上の写真はウグイスと特定できる写りではないが、当時の鳥見記録にウグイスと書かれていることからすると、鳴き声を聞いたりしてウグイスと識別したものと思われる。因みに、東京都鳥類繁殖分布調査(https://bird-atlas.jp/tokyo/)の結果では、父島・母島ではウグイス以外にムシクイ類の記録がない。

学名と標準和名-基亜種とは? ウグイスを例として2023/07/08 15:09

先の記事のとおり、ウグイスの基亜種であるハシナガウグイスの学名はHorornis diphone diphoneであり、種小名(真ん中のdiphoneと亜種小名(三番目のdiphoneが一致している。 それとは逆に、標準和名では、基亜種ハシナガウグイスの亜種和名は種和名(ウグイス)と一致しておらず、種和名と亜種和名が一致しているのは本土の亜種ウグイスである。
なぜだろうと疑問が湧いたので、「基亜種」について調べてみた。

国際動物命名規約第4版には「ある種が亜種を含むと考えられる場合、その名義種の担名タイプを含む亜種は、その種と同一の種階級群名で示され、同一の著者と日付を担う。この亜種を名義タイプ亜種という用語でよぶ」と定められている(条47.1)。

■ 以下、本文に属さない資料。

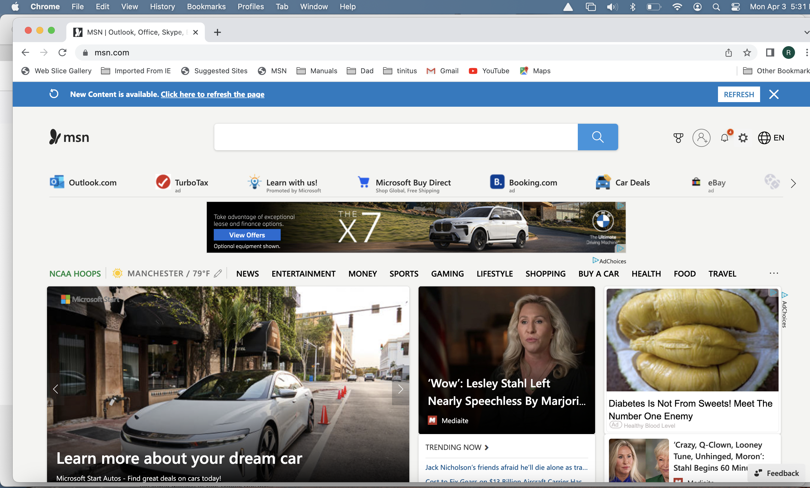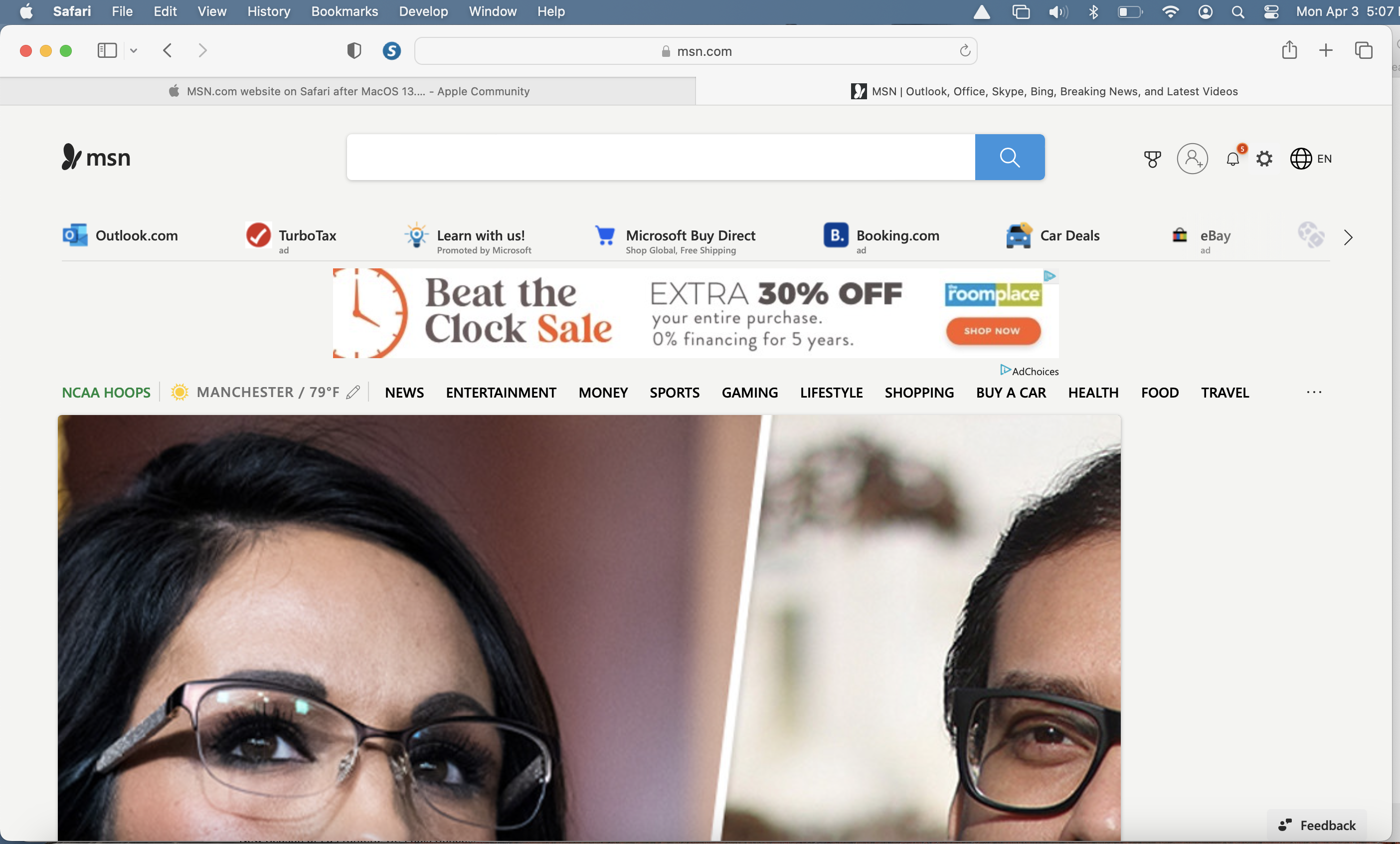 Since updating to MacOS 13.3 on my 13" M1 MacBook Pro yesterday, the MSN.com website looks bizarre in Safari (screenshot attached). The "butterfly" icon obscures most of the page, and when I click one of the rotating images at the top it dramatically enlarges - to the point of being grainy.
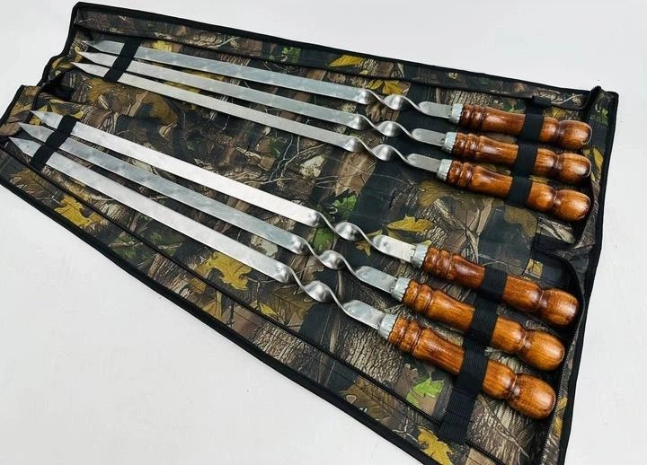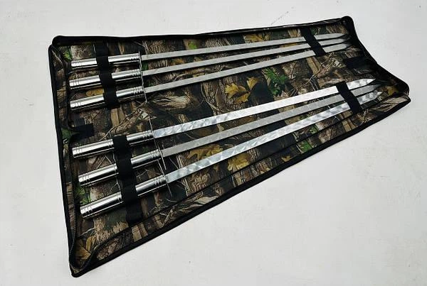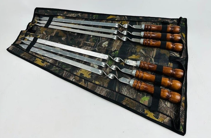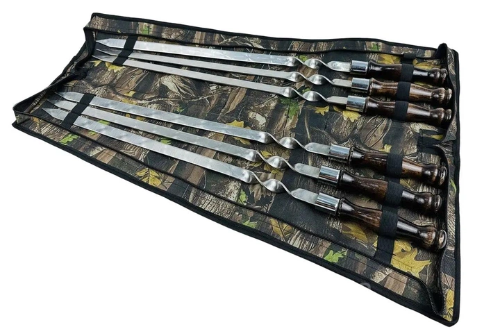 Набір шампурів для люля-кебаб з нержавіючої сталі та деревяними ручками на 6 предметів Камуфляж (135-10-NB-2287)
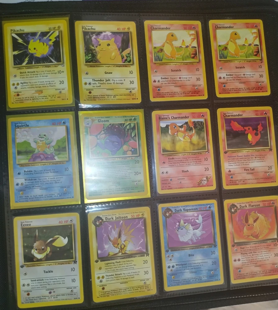 Finish: Foil, Holo, Regular Vintage: Yes Year Manufactured: 1999 Character: Charmander, Eevee, Espeon, Flareon, Pikachu, Vaporeon Manufacturer: Nintendo Set: Base Set, Base Set 2, Fossil, Gym Challenge, Gym Heroes, Jungle, Legendary Collection, Neo Destiny, Neo Discovery, Neo Genesis, Neo Revelation, Team Rocket Card Type: Pokémon Language: English Attribute/MTG:Color: Fire, Grass, Multi-Color, Water Features: Chase, Extended Art, Full Art, Promo, Stamped Card Size: Standard Game: Pokémon TCG Age Level: 4+ Number of Cards: 185
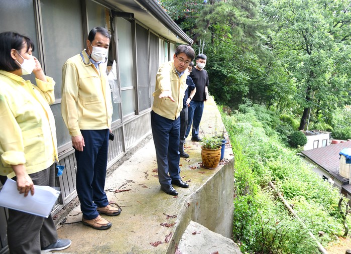 오승록 서울 노원구청장은 지난 1일 폭우로 인해 지역 곳곳에 침수 피해가 우려됨에 따라 당현천 및 수락산 침수 취약 현장을 방문하는 것을 시작으로 민선8기 일정을 시작했다. 사진은 이날 수락산 복천암 수해 피해 현장을 방문한 오 구청장(왼쪽 세 번째)이 현장점검을 하고 있는 모습. (사진제공=노원구청)

上の定義は私のような素人には難解な文章だが、「担名タイプ」は学名の基準となった標本、「種階級群名」は種小名のことで、「名義種の担名タイプを含む亜種は、その種と同一の種階級群名で示され」とは、学名の基準になったタイプを含む亜種は種小名で表されるということのようだ。言い換えれば、「レッドデータブックとっとり第2版」の用語説明(https://www.pref.tottori.lg.jp/secure/704255/yogo.pdf)にあるように「最初に新種として記載されたほうの特徴をもつ亜種を基亜種または原名亜種とよび、種小名と亜種小名が同じになる」ということだ。そして、基亜種や原名亜種といわれてきたのは、この名義タイプ亜種のことだ。
ウグイスは、基亜種ハシナガウグイスでは規約どおり種小名と亜種小名が一致していて、亜種ウグイス(H. diphone cantans)や亜種リュウキュウウグイス(H. diphone riukiuensis)では、種小名とは別の亜種小名が付けられているのは、最初にハシナガウグイスが新種として登録され、その後に亜種ウグイスやリュウキュウウグイスが登録されたからだ。

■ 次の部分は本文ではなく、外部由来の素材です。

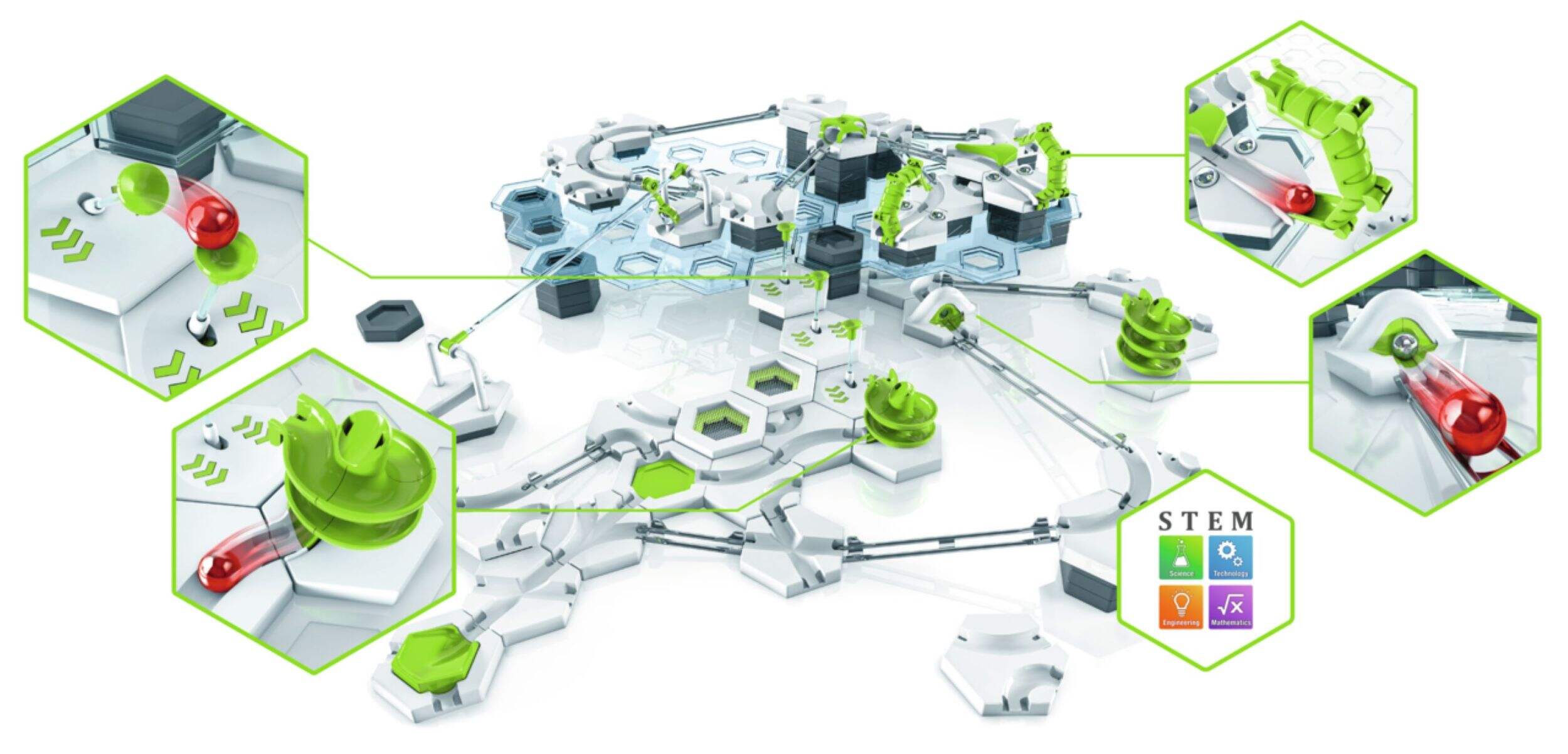 An interactive marble run racing game that teaches kids about gravity and other forces of resistance and attraction

因みに、ウグイス(Horornis diphone )の場合、Horornisが「属(名)」でdiphoneが「種(名)」と思われがちのようだが、上記規約(条5)によれば、種名(species name)は属名(genus又はgeneric name)と種小名(specific name)の結合(二語名)であり、「Horornis diphone」が種(名)ということだ。このspecific nameとspecies nameの区別のために、日本語では種「小」名と訳されたのだろう。

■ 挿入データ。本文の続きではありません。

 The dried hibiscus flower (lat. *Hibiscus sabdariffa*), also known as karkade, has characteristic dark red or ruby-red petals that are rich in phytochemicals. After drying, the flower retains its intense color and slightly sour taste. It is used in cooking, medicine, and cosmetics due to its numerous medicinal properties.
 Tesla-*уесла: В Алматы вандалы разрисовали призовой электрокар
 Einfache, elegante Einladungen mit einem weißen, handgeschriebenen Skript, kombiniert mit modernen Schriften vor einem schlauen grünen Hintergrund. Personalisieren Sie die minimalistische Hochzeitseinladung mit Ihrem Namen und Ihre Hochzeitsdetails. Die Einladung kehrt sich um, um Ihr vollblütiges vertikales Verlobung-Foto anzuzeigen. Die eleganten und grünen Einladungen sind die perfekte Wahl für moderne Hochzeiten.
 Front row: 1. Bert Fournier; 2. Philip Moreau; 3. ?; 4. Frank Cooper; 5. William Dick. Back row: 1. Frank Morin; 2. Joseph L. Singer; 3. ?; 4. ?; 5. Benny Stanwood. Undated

一方、標準和名については規約のようなものはなく、産業界や学界などで慣習的に用いられてきたものに過ぎない。鳥類では、日本鳥学会が発表している日本鳥類目録における標準和名が定着している。そこでは、主要な亜種の和名は種和名と一致させるという原則がある(日本鳥類目録第6版「はじめに」。但し、第8版では例外が設けられている)。そして、爬虫類両生類学会報 2000(2):99によれば、日本産鳥類リスト(日本鳥学会目録編集委員会, 1997)には種・亜種の和名の選定の原則をあげられていて、それによれば、「日本に二亜種以上が存在する場合(迷鳥を含む)、日本で繁殖する亜種(2亜種以上繁殖する場合は本州、特に本州中部以北の亜種)、もしくは一番普通の越冬亜種の和名は種の和名と同じとし、その他の亜種にそれぞれ別の亜種名を与える」とのことであり、種名の「タイプ種」の替わりに、種和名のタイプとして「普通種」が用いられると考えればよいだろうと結んでいる。そのような例としていみじくもウグイスの例が挙げられている。
因みに、メグロでは、主要な(というより現在では唯一の)亜種はハハジマメグロで、基亜種はムコジマメグロであって、メグロという亜種名がないのは上記例外によるものらしい(日本鳥学会 鳥学通信「日本鳥類目録第8版の編集について」(http://ornithology-japan.sblo.jp/article/189745707.html))。

結局、亜種名が種小名又は種和名と一致しているのは、学名では先に登録された亜種であり、標準和名では主要な亜種であるという違いがあり、ややこしいが、コマドリやアカヒゲの学名に比べればマシな方だろう。